Jamil Chade, em Genebra | swissinfo.ch
Jean Ziegler é uma ave rara na cena política suíça, encarnando há quase meio século a figura do intelectual público de projecção global. Seu activismo político e actuação internacional, como relator especial da ONU, rendeu-lhe uma extensa gama de inimigos, não só entre os bancos, empresários e lideranças conservadoras, mas até mesmo no campo mais progressista. Mas Ziegler continua um observador activo, e nota que os cidadãos das grandes democracias vivem um “desespero silencioso e secreto”.
Jean Ziegler é uma ave rara na cena política suíça, encarnando há quase meio século a figura do intelectual público de projecção global. Seu activismo político e actuação internacional, como relator especial da ONU, rendeu-lhe uma extensa gama de inimigos, não só entre os bancos, empresários e lideranças conservadoras, mas até mesmo no campo mais progressista. Mas Ziegler continua um observador activo, e nota que os cidadãos das grandes democracias vivem um “desespero silencioso e secreto”.
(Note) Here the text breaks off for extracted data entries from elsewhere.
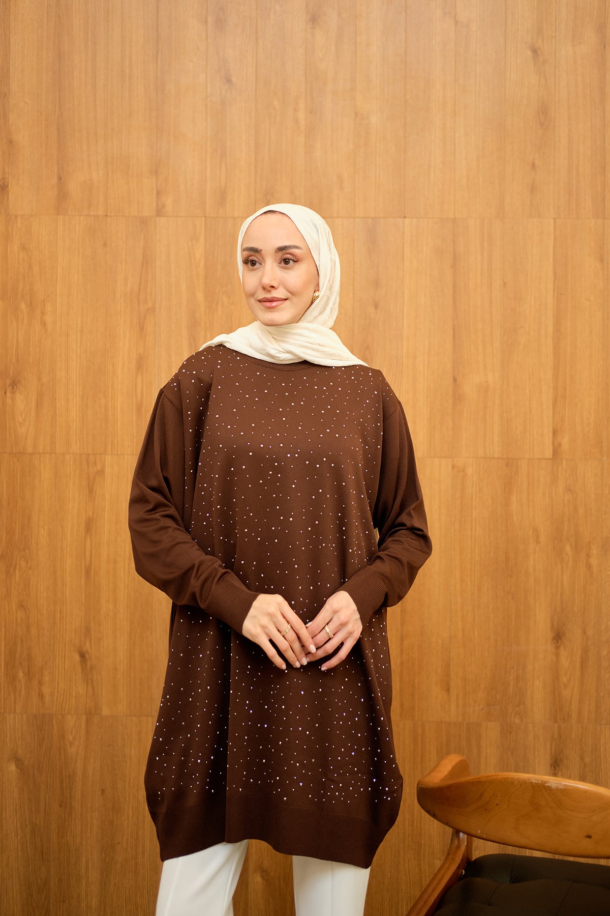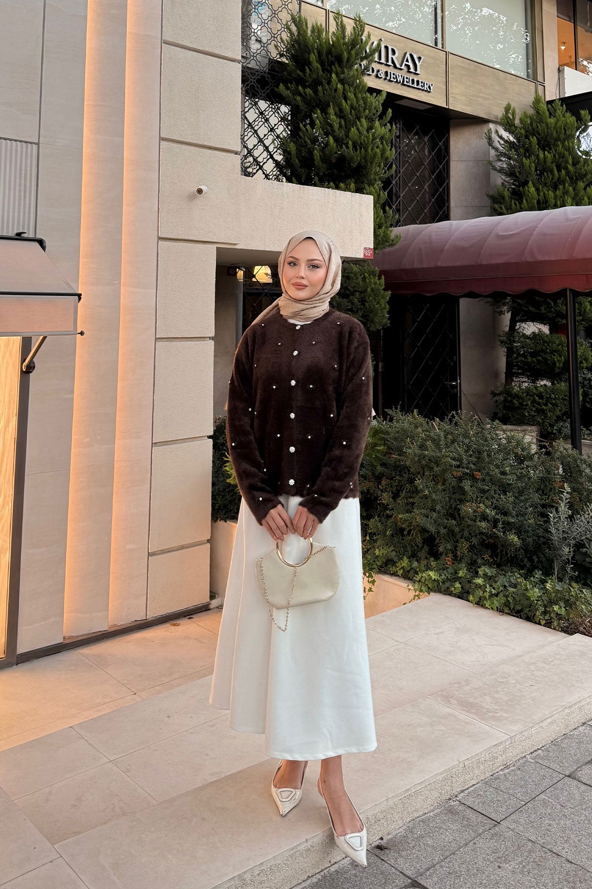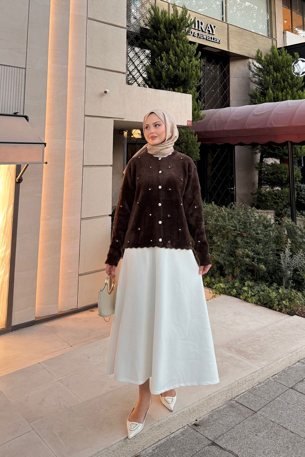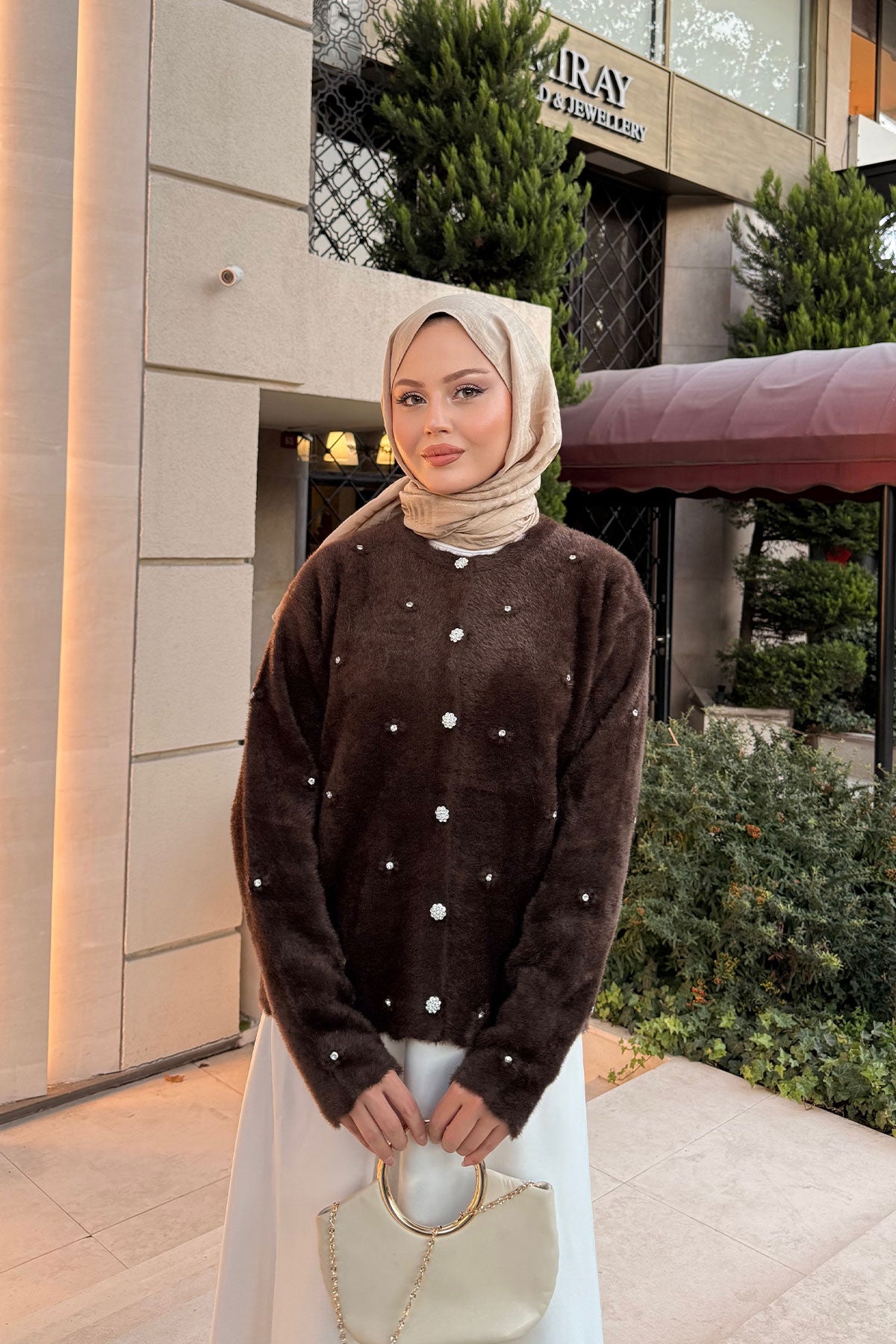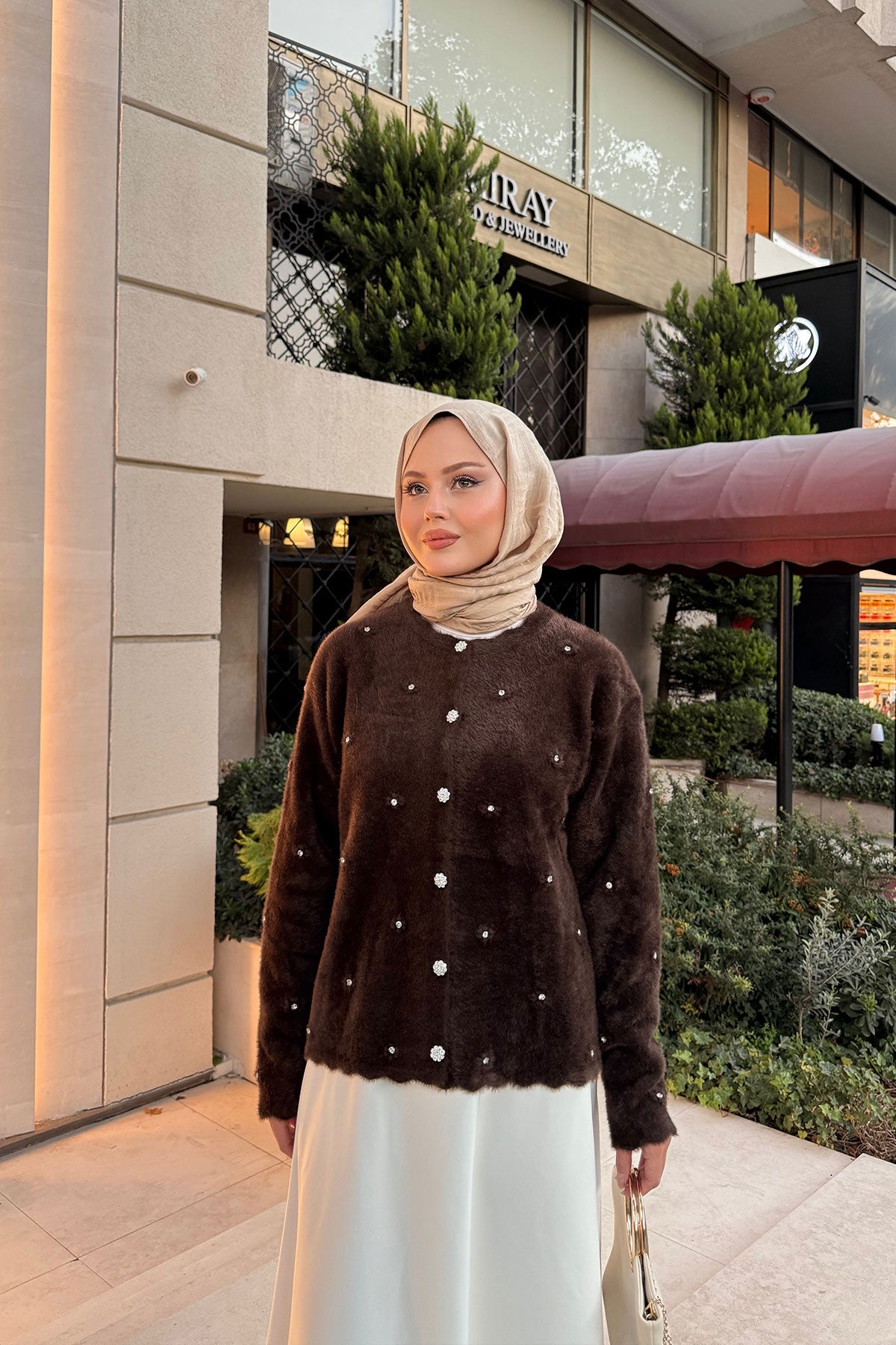 Taşlı Çiçek Düğmeli Hırka Kahverengi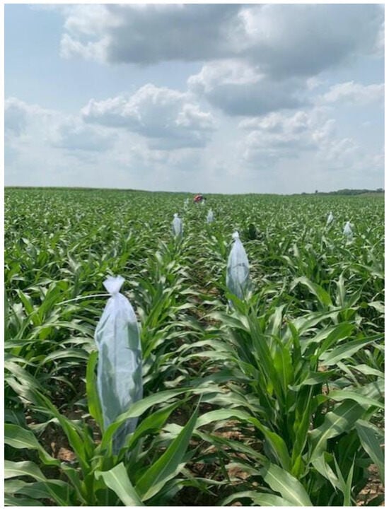 Based on preliminary field experiments conducted in the summer of 2020, various sorghum plots did not reach sorghum aphid economic threshold levels for insecticide applications. For this reason, we manually infested 8 random, individual plants with approximately 200 wingless aphids in the two middle rows of each individual plots when the sorghum plants had 7–10 leaves (stage 3) during the growing seasons of 2021 and 2022, respectively (Figure 1). Sorghum aphids were obtained from a research colony maintained at the Entomology Department of Kansas State University, which was established in 2020 from field-collected aphid populations. After randomly selected sorghum plants were infested, each plant was covered with sleeve cages. Each cage was 50 cm long by 20 cm wide with two openings at the ends built with noseeum mesh long enough to allow for plant growth development while protecting the aphids from natural enemies, especially coccinellids (Figure 2). All sleeve cages were removed two weeks before visual assessments started, which allowed sorghum aphids to spread through the center two rows of each replicate plot.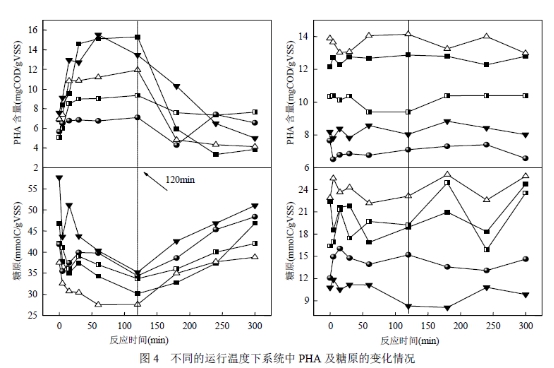 ÓÉͼ4(c)¿ÉÖªÌÇÔÔÚ120minµÄÏûºÄÁ¿´ïµ½×î´óÖµ,ÇÒ²»Í¬µÄÔËÐÐζÈÏÂÌÇÔµÄÏûºÄÁ¿²»Í¬,ÌÇÔµÄÏûºÄÁ¿ÓëϵͳµÄÔËÐÐζȾßÓÐÒ»¶¨µÄÏà¹ØÐÔ,µ«²¢²»Ê®·ÖÃ÷ÏÔ.×ÜÌåÀ´ËµËæ×ÅÔËÐÐζȵÄÉý¸ß,ÌÇÔµÄ×î´óÏûºÄÁ¿±íÏÖ³ö½µµÍµÄÇ÷ÊÆ.½øÈëºÃÑõ½×¶Îºó,¾ú½ºÍÅÖü´æµÄPHA¿ªÊ¼ÏûºÄ,¸÷ϵͳÄÚµÄPHAÖü´æÁ¿²»¶ÏϽµ,Óë´Ëͬʱ°ûÄÚÌÇÔ¿ªÊ¼»ýÀÛ.ËäÈ»PHAµÄÖü´æºÍÏûºÄÇé¿öÓëÌÇÔ¾ßÓÐÏà·´µÄÇ÷ÊÆ,µ«PHAºÍÌÇÔµÄÖü´æÁ¿ºÍÏûºÄÁ¿²îÒì½Ï´ó.ÌÇÔµÄÏûºÄÁ¿ºÍÖü´æÁ¿ÒªÔ¶Ô¶¸ßÓÚPHAµÄÖü´æÁ¿ºÍÏûºÄÁ¿.MinoÄ£ÐÍÈÏΪPHAµÄºÏ³ÉÄÜÁ¿À´Ô´ÓÚÌÇԵĽµ½â,ͬʱҲÓÐÎÄÏ×Ö¸³ö,PHAÖÁÉÙÓÐ30%µÄºÏ³ÉÄÜÁ¿¿ÉÄÜÀ´Ô´ÓÚÈýôÈËá(TCA)Ñ»·¹ý³Ì,Òò´ËPHAÖü´æºÍÌÇÔÏûºÄµÄ±ä»¯¹æÂÉ¿ÉÄܳöÏÖÓë±¾ÎIJ»Ò»ÖµÄÏÖÏó.ÓÉͼ4(b)ºÍ(d)¿ÉÒÔ¿´³ö,Ôڽ׶΢òµÄÔËÐÐÆÚ¼ä,ϵͳÄÚ²¢²»´æÔÚÃ÷ÏÔµÄPHAºÍÌÇÔµÄÖü´æºÍÏûºÄÏÖÏó,µ«²»Í¬µÄÔËÐÐζÈ,PHAºÍÌÇԵĻùÖµ²îÒì½Ï´ó.ÕâÊÇÒòΪ,½×¶Î¢ò²ÉÓó¤Ê±½øË®,ϵͳÁ÷̬ÀàËÆÍêÈ«»ìºÏʽ,¼´Ê¹´æÔÚȱÑõ½×¶Î,µ«ÏµÍ³Äڽϵ͵ĵ×ÎïŨ¶ÈÌݶȶԾú½ºÍŵÄÉú³¤²»Àû,˿״¾úÔڵ͵×ÎïŨ¶ÈÏÂѸËÙÉú³¤,µ¼ÖÂ5¸öϵͳ¾ù³öÏÖÎÛÄàÅòÕÍÏÖÏó.ÓÉ2.1½Ú¿ÉÖª,ϵͳµÄÔËÐÐζÈÔ½¸ß,ÎÛÄàµÄÅòÕͳ̶ÈÔ½ÑÏÖØ,ϵͳÄÚ˿״¾úµÄÖÖÀàºÍÊýÁ¿¾ÍÔ½¶à.ÓÉÓÚ¾ú½ºÍž߱¸Öü´æPHAµÄÄÜÁ¦¶ø¾ø´ó¶àÊýµÄ˿״¾ú²»¾ß±¸,ËùÒÔÎÛÄàµÄÅòÕͳ̶ÈÔ½ÑÏÖØ,˵Ã÷ϵͳÄÚµÄ˿״¾úÖÖÀàºÍÊýÁ¿Ô½¶à,ÔòϵͳÖü´æÄÜÁ¦Ô½µÍ.Òò´ËÔڽ׶΢òÖÐ,5¸öϵͳPHAºÍÌÇÔµÄÖü´æ»ùÖµ¾ùËæ×ÅÔËÐÐζȵÄÉý¸ß³ÊÏÖ³öϽµµÄÇ÷ÊÆ.

Ele, porém, não perde a esperança
e insiste que a resposta à actual crise está no fortalecimento de uma sociedade
civil planetária. Para Ziegler, os acontecimentos nos últimos anos e a
impotência do sistema político em dar respostas mostram que a “democracia
representativa está esgotada”.
swissinfo.ch: Vemos em diferentes
partes do mundo uma reacção popular contra partidos tradicionais e contra
a política. Também vemos a vitória de políticos como Orban, Trump, Salvini e
Bolsonaro. Por qual motivo o sr. acredita que estamos vendo essa onda?
Jean Ziegler: O mundo se tornou
incompreensível para o cidadão, que não mais consegue ler o mundo. As 500
empresas multinacionais privadas têm 52% do PIB do mundo (todos os sectores
reunidos, bancos, serviços e empresas). Elas monopolizam um poder
económico-financeiro, ideológico e político que jamais um imperador ou papa
teve na história da humanidade. Eles escapam de todos os controles de estado,
parlamentares, sindicais ou qualquer outro controle social. Eles tem uma
estratégia só: maximização dos lucros, no tempo mais curto e não importa a qual
preço humano.
Elas são responsáveis, sem
dúvida, por um processo de invenção científica, electrónica e tecnológica sem
precedentes, e de fato extraordinário. Até o fim da URSS, um terço dos
habitantes do mundo vivia sob algum tipo de regime comunista. Havia a
bipolaridade da sociedade dos Estados. O capitalismo estava regionalmente
limitado.
A partir de 1991, o capitalismo
se espalhou como fogo de palha por todo o planeta e instaurou uma só instância
reguladora: a mão invisível do mercado. Isso também produziu uma ideologia que
totalmente alienou a consciência política dos homens. Há, hoje, uma ideologia
que dá legitimidade a uma só instância de regulação: o neoliberalismo. Esse
sistema sustenta que não são os homens, mas os mercados que fazem a história e
que as forças do mercado obedecem as leis da natureza.